Summit BHC has had its credit outlook revised from positive to negative following an out-of-court debt restructuring.
In September 2025, the Franklin, Tennessee-based behavioral health facility operator completed a distressed exchange transaction, avoiding bankruptcy. In the same month, S&P Global Ratings gave the company a CCC+ rating with a positive outlook. In May, S&P revised its outlook to negative.
As far back as May 2025, the company faced cash flow deficits, according to an S&P Global Ratings report. At that time it faced a $30 million to $40 million cash flow deficit. Its then more favorably covered Veterans Affairs patient volume was diminishing. It was dealing with increased labor costs. It also had a debt facility due in November 2026. The company announced its “pro rata liability management exercise” in August, according to octus.com.
The distressed exchange transaction restructured about $790 million in debt. The effort also generated about $125 million in new debt financing. All told, the company holds about $1.1 billion in debt financing obligations.
S&P Global sees the exchange as tantamount to a default.
In its most recent report, S&P Global Ratings’ outlook revision “primarily reflects our expectation for sustained free cash flow deficits.”
“This pressure has been exacerbated by rising labor costs, margin pressure on new facilities (during the ramp-up phase), and high leverage and cash interest expense,” the report states. “Although management is undertaking a broad array of initiatives to increase patient volumes, occupancy rates, operational efficiency, and revenue cycle management, these may be insufficient to offset downward pressure on per-patient rates.”
Summit BHC has not responded to a request for comment.
The company was founded in 2013. It has grown into a national player in the addiction treatment and psychiatric hospital space through M&A, later shifting to de novo expansion. That shift was further bolstered by the 2024 launch of an outpatient division. The company historically focused on residential and hospital care.
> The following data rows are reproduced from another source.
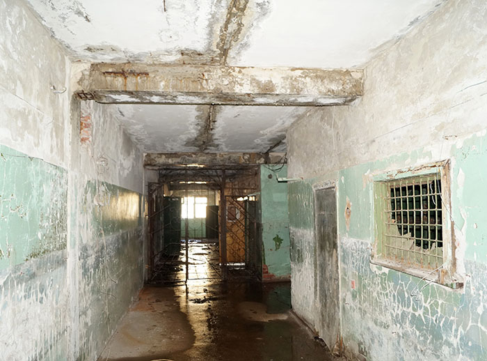 В помещении стоит дикий холод, отопления нет, электроосвещение присутствует лишь фрагментами.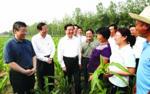 图为胡锦涛到洛阳市孟津县平乐镇察看玉米长势。 新华社 图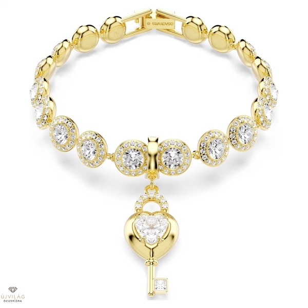 A mindennapi stílust személyesebbé varázsoló, lakat ihlette szív és kulcs charm ideális választás a romantikus lelkek számára. A középen elhelyezett Swarovski Zirconia kristállyal díszített, arany tónusú bevonattal ellátott kreáció egyedi kapoccsal rendelkezik, amely lehetővé teszi, hogy a charmot különböző nyakláncokon és karkötőkön viselje. Méret: 3.7 x 1.1 cm.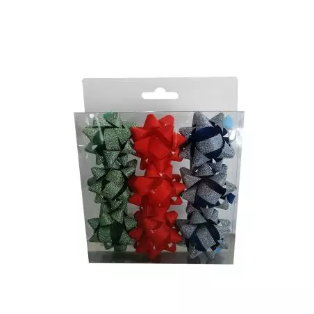 zestaw zawiera 9 rozetek, kolory: zielony, czerwony, złoty idealne wykończenie zapakowanego prezentu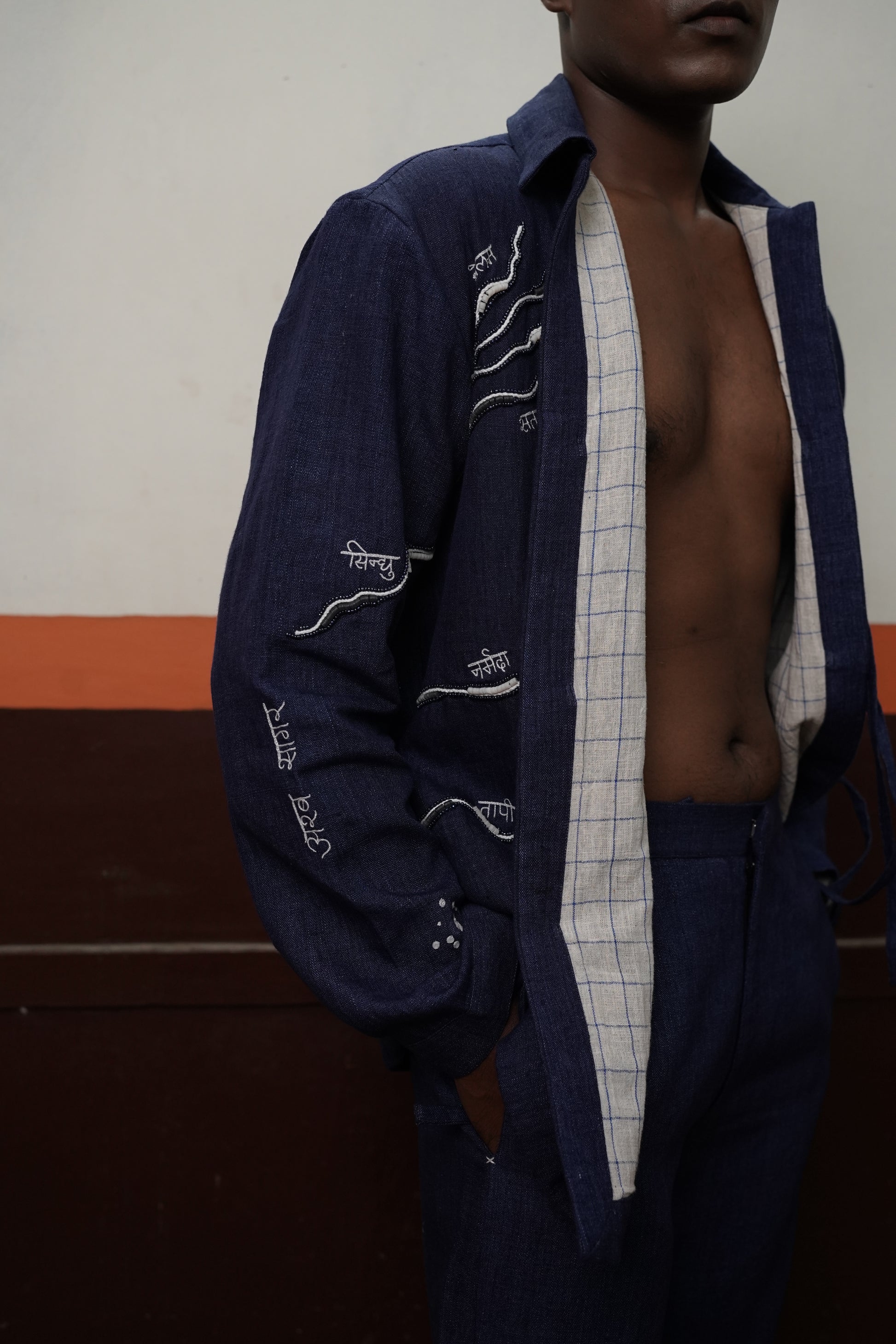 A quiet cartography rendered in thread, the Nadi Pranali Jacket traces the river map of India. Handwoven linen from Murshidabad forms the base for this jacket, embroidered entirely by hand using couching, beadwork and 3D sequin stringing. Lined with handwoven kala cotton, this thoughtfully crafted piece carries geography, memory and craft.

An S&P Global Ratings report notes the company is in the process of closing several facilities as it focuses on “rationalization and operational restructuring.” The company appears to have parted ways with three residential facilities and two outpatient locations, based on a comparison of its current facility listing with an archived version of the same page from March 2025. All three facilities — one each in New Hampshire, New Jersey and Pennsylvania — were addiction treatment facilities.
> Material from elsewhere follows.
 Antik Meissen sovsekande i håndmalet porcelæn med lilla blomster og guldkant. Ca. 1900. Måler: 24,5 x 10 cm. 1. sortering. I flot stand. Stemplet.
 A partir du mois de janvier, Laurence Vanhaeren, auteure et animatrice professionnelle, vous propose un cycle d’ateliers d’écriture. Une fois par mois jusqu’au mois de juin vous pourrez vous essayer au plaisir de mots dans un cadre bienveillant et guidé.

“Reimbursement headwinds and uncertainty in the substance abuse disorder segment (about 40% of 2025 revenue) is a key factor in underperformance contributing to the free cash flow deficits,” an S&P Global Ratings report states. “Summit’s acute psychiatric facilities business (60% of 2025 revenue) is increasing revenue and performing broadly in line with our expectations.”
The report further states that the company is expected to have “a substantial free cash flow deficit in 2026 and a more modest shortfall in 2027.”
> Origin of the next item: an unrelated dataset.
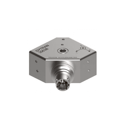 The Dytran model 3063B is a highly rugged, triaxial IEPE accelerometer with built–in Faraday shield for electrostatic noise immunity, a sensitivity of 100 mV/g, built–in long discharge time constant and excellent low frequency response down to 0.5 Hz.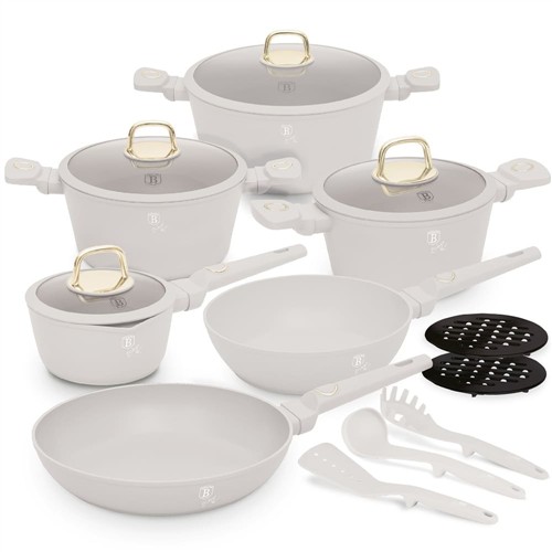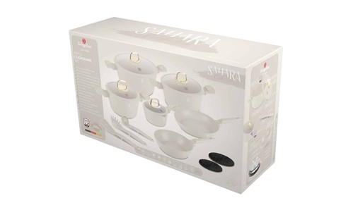 The Berlinger Haus BH‑8081NN Cookware Set is part of the Sahara Collection, combining elegant design with professional performance. Crafted from forged aluminium with a durable triple‑layer marble non‑stick coating, this 15‑piece set provides everything needed for versatile cooking. Finished in soft matt cream, it offers excellent heat distribution, energy efficiency, and stylish presentation. Ergonomic soft‑touch handles ensure safe and comfortable use, while the induction‑ready bases make the set suitable for all hob types.

Summit BHC was acquired by Patient Square Capital in 2021, making 2026 its fifth year of its hold period. However, hold periods in the U.S. are increasing. One source puts the median hold period for PE-backed companies at six years.
“They’re kind of an older vintage when it comes to an investment for a PE group,” Ryan Kaczka, managing director of Strategique Partners, told Behavioral Health Business. “I would assume they are positioning themselves for either a recap or going to market.”
Kaczka notes that the psychiatric hospital space is seeing a lot of dealmaking at the moment. There are many changes in organization structures, with more opting for separations of real estate and operations into “opcos and propcos.” The industry also sees the benefit of quasi-monopoly status in many communities, where one hospital services a local population with little other competition.
The market is also seeing a turnover in leadership teams. In some cases, the teams that expanded these types of organizations are changing. Summit BHC named a new CEO in August 2025.
The addiction treatment space has seen operators’ success become highly dependent on payer mix and model. Companies that have invested in strong local referral networks and compliance, especially with payers, are doing well as payers ramp up scrutiny on behavioral health. This has been accelerated with the arrival of AI tools that can automate reviews at scale.
“Everyone right now is really trying to batten down the hatches on compliance,” Kaczka said. “If you don’t have the compliance and the billing set up and the referral system going, you’re dead in the water right now.”
The company also serves as another potential warning about the impact of highly leveraged behavioral health platforms amid massive U.S. interest rates increases following post-COVID-era inflation. During that time, the financial models and reimbursement realities of the behavioral health market have changed substantially.
Discovery Behavioral Health, for example, has been taken over by HPS Investment Partners. In that exchange, the company traded its equity for debt relief.
“To me, the broader sector takeaway is that behavioral health M&A is moving from a growth multiple market to a quality of earnings market,” Kaczka said. “They are asking which beds are actually profitable, how durable the referral channels are, how clean collections are, how much capex is required, how much EBITDA converts to cash, and whether there is embedded compliance, audit or recoupment risk.”